Wednesday 5 February 2014

The 12 Principles of High Performance Warehousing - 2. Design your processes around value chains

Design your warehouse processes around the streams of value delivery for your business


Part 2 of a series on the 12 Principles of High Performance Warehousing.  The eBook can be downloaded for free by joining the High Performance Warehouse Network on the Logistics Help website.

A new online strategy could mean a change from case pick to unit pick
requiring a new and additional warehouse strategy

The current reality of global supply chain and the corresponding variety of distribution channels is illustrated in the universal model of supply chain.  Whilst this is a simplified diagram the important point is that any agent in the supply chain could be located anywhere in the world.  The myriad variations and possibilities create a growing number of possible distribution channels and value chains for any of participants.

Whereas a company may have gone for years with just a single distribution channel; for example; supply to a small selection of manufacturers or wholesalers in a local market.  Now they may now have developed their own brands for selling to retail stores and direct to customers in multiple markets.  Now they may sell to manufacturers  and wholesalers all over the world.  Each of these markets and distribution channels represents a different value chain  with a unique set of customer requirements, ordering patterns, shipping methods and consequently requiring a unique mode of operations within the warehouse to support them.

Some of the common distribution channels with differing warehousing requirements are:
  • manufacturer to wholesaler, 
  • manufacturer to retailer
  • manufacturer direct to business customer
  • manufacturer direct to home customer
  • wholesale to retail,
  • wholesale to business
  • retail DC to retail store replenishment,
  • trade supply store to contract tradesman
  • trade supply store to large business 
  • trade supply store online direct to tradesman or business
  • trade supply store to retail customer
  • retail store to walk in customer
  • retail store online direct to home customer
  • pure-play online retailer
Whilst having some things in common, each of these channels will be different and will also vary depending on the industry context, countries and businesses strategy.  Each variation will need a different approach to warehouse design and operation to best support the particular value chain.
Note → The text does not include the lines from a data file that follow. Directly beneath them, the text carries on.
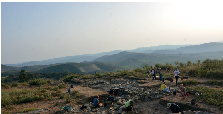
Fig. 10: Aspecto geral dos trabalhos.

A divulgação dos resultados é feita sistematicamente. Não só o relatório é publicado em revista de divulgação regional como a Côavisão, editada pela Câmara Municipal de Vila Nova de Foz Côa, como os resultados científicos são sempre que possível apresentados em congressos ou colóquios e publicados.
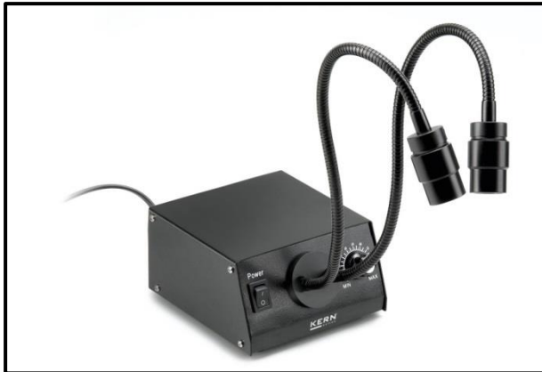
Éclairage col-de-cygne typique

Les unités d'éclairage adaptées aux appareils de la série OSE-4 sont des éclairages cols-de-cygne (voir la figure). Ils peuvent être à LED ou à halogène et disposent d'un interrupteur et de différents réglages.
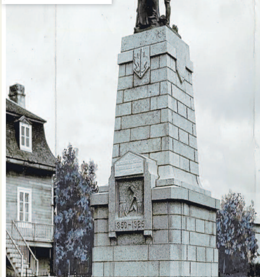
Monument « Au révérend Nicolas de Tolentin Hébert » en l'honneur des 14 premiers colons du Lac-Saint-Jean à Hébertville Fonds L'Action catholique, vers 1925 / BAnQ (P428,S3,SS1,D28,P25)
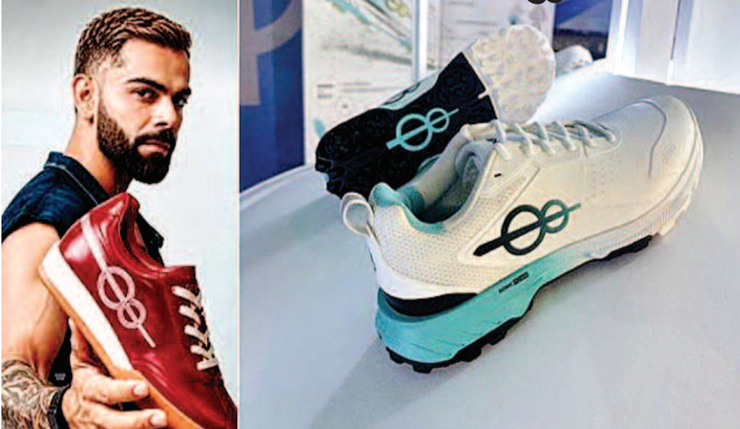
లభించడం గమనార్హం. ఈ విజయంతో కోహ్లా కేవలం ఐకాన్ గా తన స్థానాన్ని మరింత బలపర్చుకున్నారని క్రికెటర్ గా మాత్రమే కాకుండా, గ్లోబల్ స్పోర్ట్స్ బ్రాండ్ మార్కెట్ విశ్లేషకులు పేర్కొంటున్నారు.

ముంబై, జూన్ 25 : టీమిండియా స్టార్ క్రికెటర్ విరాట్ కోహ్లా మరోసారి తన బ్రాండ్ విలువతో వార్తల్లో నిలిచారు. ఆయన ప్రారంభించిన 'వన్8' గ్లోబల్ షూ బ్రాండ్ లాంచ్ అయిన కేవలం 24 గంటల్లోనే లక్షన్నర జతలు అమ్ముడై సరికొత్త రికార్డు సృష్టించాయి. ఈ అమ్మకాలతో ఒక్కరోజులోనే రూ.138 కోట్లకు పైగా ఆదాయం వచ్చినట్లు మార్కెట్ వర్గాలు అంచనా వేస్తున్నాయి. క్రీడారంగాలో మాత్రమే కాకుండా వ్యాపార ప్రపంచంలోనూ కోహ్లాకి ఉన్న క్రేజ్ ఈ ఫలితాలతో స్పష్టమవుతోందని నిపుణులు చెబుతున్నారు. ఈ షూస్ ధరను కోహ్లా టెస్ట్ క్రికెట్లో సాధించిన 9,230 పరుగులకు గుర్తుగా రూ.9,230గా నిర్ణయించడం ప్రత్యేక ఆకర్షణగా మారింది. ప్రీ-బుక్ ఆధారంగా మాత్రమే అమ్మకాలు జరగడంతో అభిమానుల్లో భారీ ఆసక్తి నెలకొంది. లాంచ్ ఈవెంట్లో పాల్గొనడానికి కూడా ప్రత్యేకంగా ప్రీ-బుక్ చేసిన కొనుగోలుదారులకే అవకాశం కల్పించారు. అయినప్పటికీ అభిమానుల నుంచి ఊహించని స్పందన
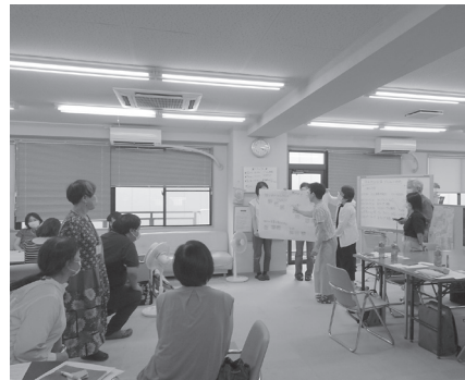
グループ発表風景

柳本町にある地域活動支援センター「うらら」で、7月18日に平木地区社協のボランテイヤ研修会が行われました。対人援助を行う上で大切なことは「相手の話をしっかりと聞く、相手の感情や悩みを理解する、相手を受け止める」など、大切なことを学びました。
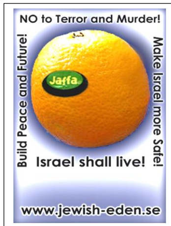
Peace-Badge Israel no.2B
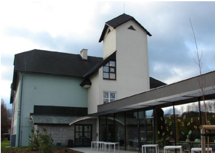
Moderní přístavba Domova pro seniory Jeseník

N a konci loňského roku dostaly sociální služby v Jeseníku zcela novou podobu. Zdejší obyvatelé najdou v nově otevřeném Centru sociálních služeb Jeseník nejen chráněné bydlení (stejně jako v někdejších Pensiónu pro seniory), ale také denní stacionář a především domov pro seniory vybavený moderními pečovatelskými lůžky Sentida.
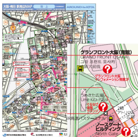
「大阪・梅田 駅周辺 MAP」

Top tips for process design around value chains


  • Identify your value chains.  What product/service/ distribution channel combinations do you have?  Do they require specific support and configuration in your warehouse?
  • Speed and accuracy must be built into the process design.  Bolting a small order process onto a warehouse operation designed for bulk case and pallet picking will work in the short term for the start-up of a new online channel, but will crack under the pressure of volume; becoming costly and unable to meet service expectations.
  • If you are serious in developing a new distribution channel then the warehouse process must be specifically designed to suit.
  • Process design should take full advantage of available technology for greatest productivity.  The technology must suit the order and inventory profiles and generate a return on investment for the expected business volume.  (More on this later).
  • The process must be optimised for the entire value chain and not just the warehouse.  Inbound logistics, ordering methods, customer service, delivery, billing and customer experience of the product and service must all be considered. The warehouse can be a key supporter in all of these from maintenance of stock availability, delivery or customer pickup experience, service support, installation through to the returns process and recycling of products at the end of life.
  • The more your value chain can be integrated with your customer’s streams of value creation the more you will develop unchallengeable value delivery to your customers.  This approach can make it very hard for your competitors to replace you in the market and usually takes price competition out of the equation.  
    • The classic example of this is Vendor Managed Inventory (VMI) where the small additional service you provide is highly valued by the customer who keeps buying your product because of the service.